Medical image analysis, such as medical image classification and segmentation, can provide quantitative assessments for various healthcare applications, including disease diagnosis, treatment planning, surgical navigation, and prognosis monitoring. With the global expansion of medical imaging and advances in imaging technology, the amount of acquired medical image data is growing at a pace much faster than existing human experts can interpret, thus necessitating automated medical image analysis algorithms to assist clinicians in accurate and real-time image-based analysis.

Whereas deep learning, as an efficient way, has made considerable progress in automated medical image analysis, the generalizability of deep learning-based models in clinical deployments is limited due to the heavy reliance on large amounts of high-quality annotated training data. In practice, since annotating medical images is extremely expensive and labor-intensive, the available training dataset is probably equipped with scarce labels, composed of massive unlabeled data, exhibiting evident domain shifts, annotated with label noises, etc. These imperfect characteristics in training dataset emphasize the growing demand for developing annotation-efficient deep learning algorithms. This thesis seeks annotation-efficient deep learning solutions to enable generalizable and robust learning from imperfectly annotated training data for automatic medical image analysis.

In the first part, we propose a confidence-guided manifold mixup (CGMMix) data augmentation method to enrich limited labeled data with confidence guidance at both image and feature levels. The design of confidence guidance integrates the clinical consideration to guarantee the newly generated image-label pairs are clinical meaningful. Consequently, the proposed CGMMix method augments the limited labeled data and promote the generalizability of optimized deep models on scarce annotated dataset.

In the second part, considering unlabeled medical images are abundant and can be easily obtained in clinical, we are the first to investigate semi-supervised learning in the diagnosis of Wireless Capsule Endoscopy (WCE) images and propose a synergic network structure with two branches.

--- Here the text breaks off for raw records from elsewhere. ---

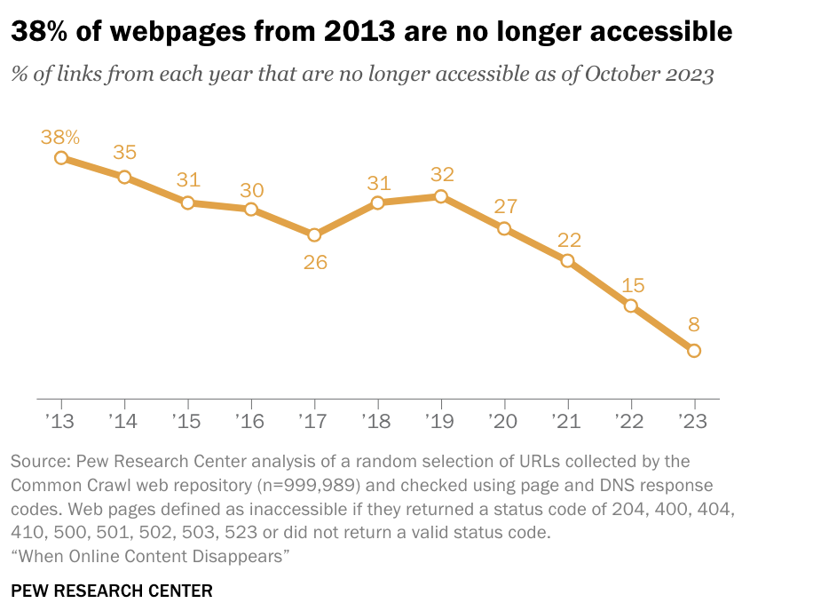 Secondo un report del Pew Reasearch Center, il 38% delle pagine web che esistevano nel 2013 non sono più accessibili e l’8% delle pagine esistenti nel 2023 non sono più disponibili. Nella maggior parte dei casi perché sono state cancellate o rimosse.
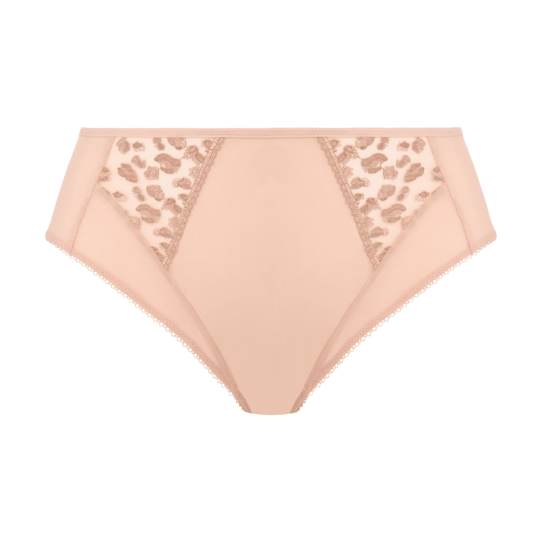 Add a touch of fun to your everyday lingerie with Elomi’s Namrah High Leg Brief, now in a feminine Pale Blush colourway. Offering perfect high-rise coverage, the briefs are adorned with stunning leopard print detailing across the front of the leg . Available in sizes M-4XL.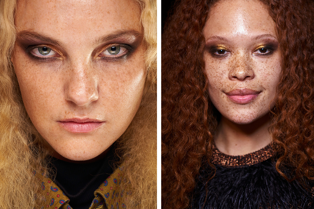 Про тот неумолимый факт, что мода циклична, напоминает нам сам Майкл Корс, который в новой коллекции осень–зима 2019 вспоминает бурную молодость 70-х. Диско-пол, клуб Studio 54 и крылатая фраза «секс, наркотики, рок-н-рол» стали главными вдохновениями для дизайнера, который дал новую жизнь шелковым платьям, расклешенным джинсам и лаконичным костюмам. В культовом клубе Studio 54 могли отдыхать как звезды первого эшелона, так и простые парни с улицы, это оставило заметный отпечаток на коллекции и beauty-образах моделей, разнообразие цветов и текстур на любой вкус. Базовый макияж представляет собой светоотражающий тон, прорисованную линию бровей и дымчатый smoky eyes в коричнево-золотом оттенке. Стоит заметить, что в макияже глаз первую скрипку играет рассыпчатый глиттер, который так любили в 70-х, и к которому с осторожностью относятся девушки сейчас. Опять визажисты отказываются от хайлайтера, румян и помады! Укладки делятся на два типа: гладкие и низкие пучки с прямым пробором и накрутка-гофре, каждый делает выбор сам. Некоторым моделям подготовили особые beauty-образы, к примеру, фиолетовые тени с шиммером и отсутствие туши. Очень в стиле 70-х!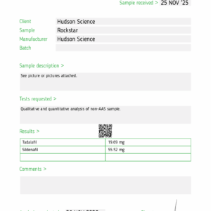 ROCKSTAR 75 – 20MG-55MG (CIALIS + VIAGRA) [ERECTILE DYSFUNCTION] – (Certificate of Analysis, Second Image)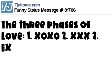 - # 82348 The three stages of a relationship: 1. xoxo, 2. xxx & 3. ex
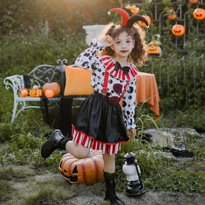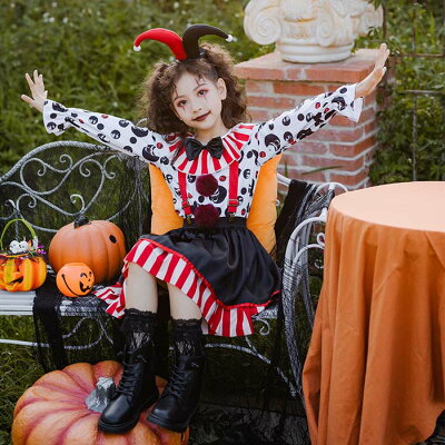 ハロウィン 子供 ハロウィン 仮装 ピエロ 3点セット サーカス 長袖 上着 スカート コスプレ ハロウィン衣装 子供上下セット キッズ 子供用 悪魔 女の子 おばけ 道化師 コスチューム コスプレ 子供服 かわいい精霊衣装 パーティー イベント halloween ふんわり仮装 こども
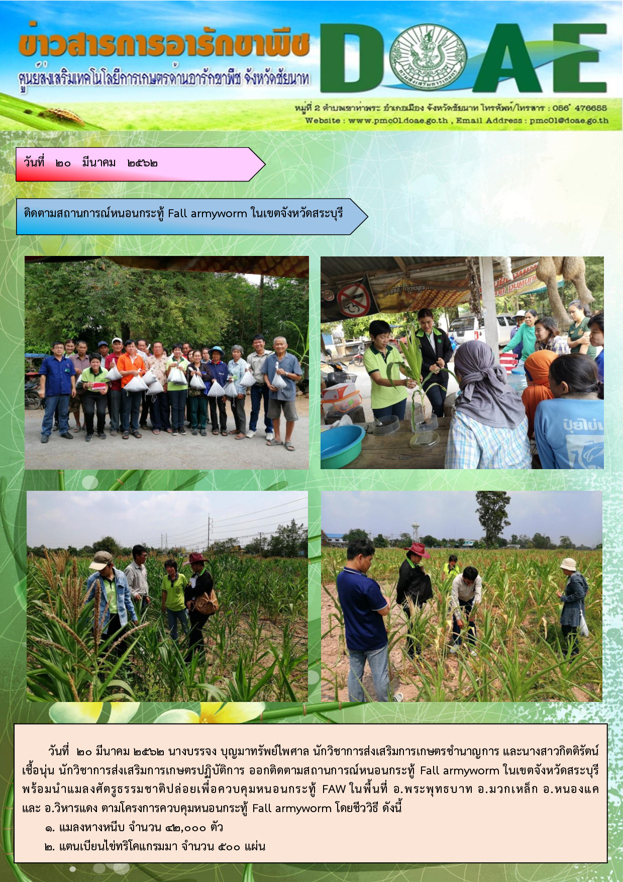 20-3-62 ติดตามสถานการณ์หนอนกระทู้ Fall armyworm ในเขตจังหวัดสระบุรี

By encouraging the consistency of outputs from two branches for the same input, the proposed method fully exploits both limited labeled data and extensive unlabeled data.

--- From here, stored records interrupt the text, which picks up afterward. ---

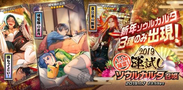 また、今回初登場となる★5ソウルカルタ「帰宅部の正月」「酒もってこい!」「貴公子の新年」の3種のみが出現する1人1回限定の「2019運試しソウルカルタ召喚」もあわせて開始となりました。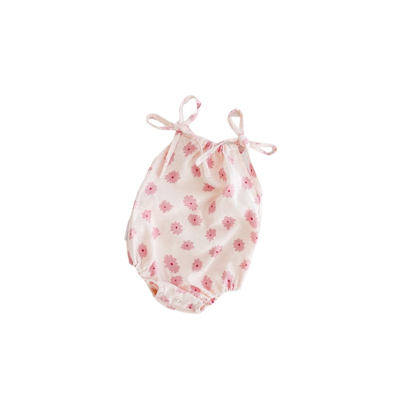 By Ziggy LouA lightweight linen blend romper featuring our Rosa printed design. Functional ties at shoulder and snap buttons at the crotch for easy on/off and nappy changes Please Note||| This is a digitally printed design. Each individual garment may have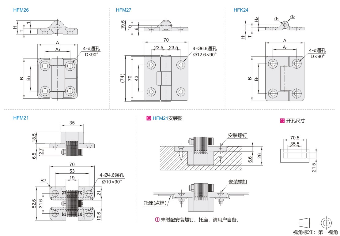 | HFM21 | 阻尼型 | 锥孔型 | 任意角度定位型 | ZDC | 镀砂铬 |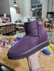 冬季新款雪地靴女羊皮毛一体短筒一脚蹬葡萄紫色保暖

In the third part, taking advantages of data augmentation and semi-supervised learning methods, we further propose a new strategy, coined Labeled-to-unlabeled Distribution Translation, to translate labeled data distribution with the guidance of extensive unlabeled data. The translated labeled data distribution and unlabeled data distribution can approximate the desired data distribution, which alleviates the scarce labeled data distribution bias problem and contributes to an accurate decision boundary.

In the fourth part, we transfer the knowledge learned from virtually synthesized labeled data, public labeled data, or labeled data from other medical centers (source domain data) to our unlabeled target domain data. A domain-aware meta-learning strategy is proposed to guide the optimization of target domain data with meta-knowledge, which is the underlying label distribution of clean data learned from source domain data.

In the fifth part, considering the inefficient transmission and privacy issues of source domain data, we use a black-box source model to generate pseudo labels for our unlabeled target domain data. Due to the domain discrepancy and label shift, pseudo-labeled target data contains mixed closed-set and open-set label noises, and thus we propose a simplex noise transition matrix to model the mixed noise label distributions for purifying the transferred knowledge (i.e., pseudo labels).

In the last part, with limited annotation cost, the resulting training data would contain label noises, preventing models from learning precise semantic correlations. To combat label noise issues in medical image segmentation, we propose a robust Joint Class-Affinity Segmentation (JCAS) framework based on the observation that the pair-wise manner capturing affinity relations between pixels can greatly reduce the label noise rate. Unifying pixel-wise and pair-wise manners, JCAS corrects supervisions derived from noisy class and affinity labels to enhance the noise resistance.